**Task:** Only the pictures are to be left out; please reproduce everything else in the data exactly.

═════ Given information ═════

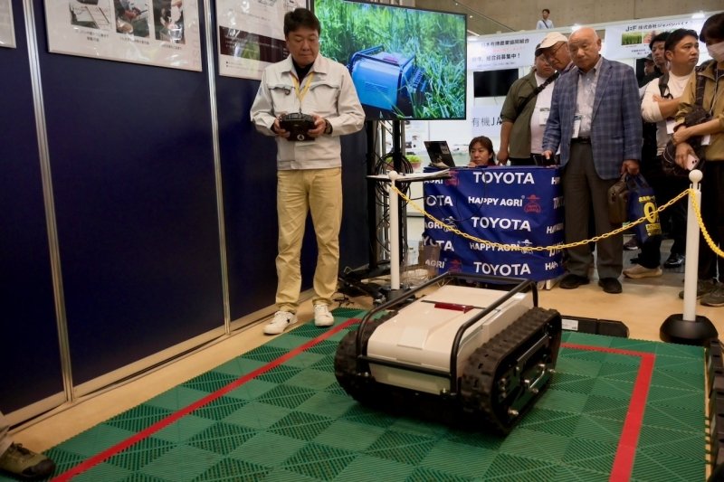 トヨタ自動車は土を直接計測するセンサーや、同社初となるラジコン除草ロボットなども展示。トヨタは工場の効率化のための「カイゼン」をベースにした「豊作計画」などで長年農業にも携わってきたが、いよいよ本業を生かしたスマート農業にも乗り出しそうだ
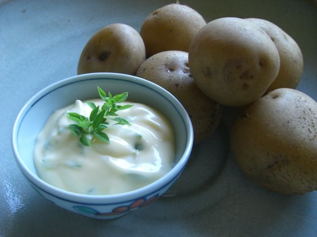 フレッシュな卵で作ったマヨネーズと摘みたてのグリークブッシュバジル。そして蒸した新じゃがの皮の風味。おいしいね!
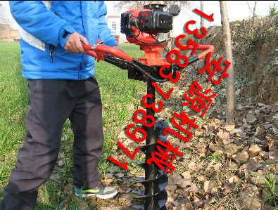 地鉆由小型通用汽油機(jī),齒輪箱及特殊設(shè)計的鉆具組成.適合在土地,凍土,冰層上打孔.廣泛用于園林,種植,植樹,物探,道路建設(shè)等領(lǐng)域  2.鉆頭采用錳鋼合成更加的堅硬。對硬土質(zhì),超硬土質(zhì),粘土,凍土等都能工作。   3.地鉆可根據(jù)樹種,選配多種規(guī)格的鉆頭,以滿足用戶需要。 4.地鉆能夠讓人們從繁重的體力勞動解放出來,廣泛應(yīng)用于植樹造林,栽種果林、籬笆、及秋季給果樹施肥等。適合各種地形,效率高,便于攜帶及野外田地作業(yè)。   5.地鉆既可以單人操作,又可雙人操作,經(jīng)濟(jì)實用。   注意事項:1.使用正品2T(二沖程)FC級機(jī)油,嚴(yán)禁使用4T(四沖程)機(jī)油。   2.嚴(yán)禁使用純汽油。   3.嚴(yán)格按251的比例兌油. 4.新機(jī)器不可高速使用,請低速磨合3小時。   5.嚴(yán)禁在高速的時候突然關(guān)停發(fā)動機(jī),否則會使下次開機(jī)啟動困難。   6.感覺機(jī)器震動異常,請立即停機(jī)檢查,是否破損,松動,偏心。   7.嚴(yán)禁在有亂石堆的草地上使用。   8.鉆頭有嚴(yán)格的尺寸限制,嚴(yán)禁私自改裝或使用增大號鉆頭. 9.每工作一段時間清除火花塞、消音器積碳,清洗空氣濾清器,向齒輪箱加注黃油。   10.遇到問題自己無法解決的,不要私自拆裝。   11.機(jī)器長時間不用時,應(yīng)該將剩余的燃油倒出,然后發(fā)動機(jī)器將化油器內(nèi)的燃油全部燃燒干凈。   12.想讓機(jī)器運轉(zhuǎn)更穩(wěn)定,壽命更長請經(jīng)常保養(yǎng)。   安全事項:   A.人身安全:嚴(yán)禁在室內(nèi)添加汽油,嚴(yán)防火災(zāi);機(jī)器運行時,嚴(yán)禁手腳靠近鉆頭;清理或檢查機(jī)器時必須停機(jī)。   B.機(jī)器安全:地鉆起動前必須清理草坪上的雜物,確保機(jī)器安全運轉(zhuǎn)。

═════

**Exercise output:**
 トヨタ自動車は土を直接計測するセンサーや、同社初となるラジコン除草ロボットなども展示。トヨタは工場の効率化のための「カイゼン」をベースにした「豊作計画」などで長年農業にも携わってきたが、いよいよ本業を生かしたスマート農業にも乗り出しそうだ
 フレッシュな卵で作ったマヨネーズと摘みたてのグリークブッシュバジル。そして蒸した新じゃがの皮の風味。おいしいね!
 地鉆由小型通用汽油機(jī),齒輪箱及特殊設(shè)計的鉆具組成.適合在土地,凍土,冰層上打孔.廣泛用于園林,種植,植樹,物探,道路建設(shè)等領(lǐng)域  2.鉆頭采用錳鋼合成更加的堅硬。對硬土質(zhì),超硬土質(zhì),粘土,凍土等都能工作。   3.地鉆可根據(jù)樹種,選配多種規(guī)格的鉆頭,以滿足用戶需要。 4.地鉆能夠讓人們從繁重的體力勞動解放出來,廣泛應(yīng)用于植樹造林,栽種果林、籬笆、及秋季給果樹施肥等。適合各種地形,效率高,便于攜帶及野外田地作業(yè)。   5.地鉆既可以單人操作,又可雙人操作,經(jīng)濟(jì)實用。   注意事項:1.使用正品2T(二沖程)FC級機(jī)油,嚴(yán)禁使用4T(四沖程)機(jī)油。   2.嚴(yán)禁使用純汽油。   3.嚴(yán)格按251的比例兌油. 4.新機(jī)器不可高速使用,請低速磨合3小時。   5.嚴(yán)禁在高速的時候突然關(guān)停發(fā)動機(jī),否則會使下次開機(jī)啟動困難。   6.感覺機(jī)器震動異常,請立即停機(jī)檢查,是否破損,松動,偏心。   7.嚴(yán)禁在有亂石堆的草地上使用。   8.鉆頭有嚴(yán)格的尺寸限制,嚴(yán)禁私自改裝或使用增大號鉆頭. 9.每工作一段時間清除火花塞、消音器積碳,清洗空氣濾清器,向齒輪箱加注黃油。   10.遇到問題自己無法解決的,不要私自拆裝。   11.機(jī)器長時間不用時,應(yīng)該將剩余的燃油倒出,然后發(fā)動機(jī)器將化油器內(nèi)的燃油全部燃燒干凈。   12.想讓機(jī)器運轉(zhuǎn)更穩(wěn)定,壽命更長請經(jīng)常保養(yǎng)。   安全事項:   A.人身安全:嚴(yán)禁在室內(nèi)添加汽油,嚴(yán)防火災(zāi);機(jī)器運行時,嚴(yán)禁手腳靠近鉆頭;清理或檢查機(jī)器時必須停機(jī)。   B.機(jī)器安全:地鉆起動前必須清理草坪上的雜物,確保機(jī)器安全運轉(zhuǎn)。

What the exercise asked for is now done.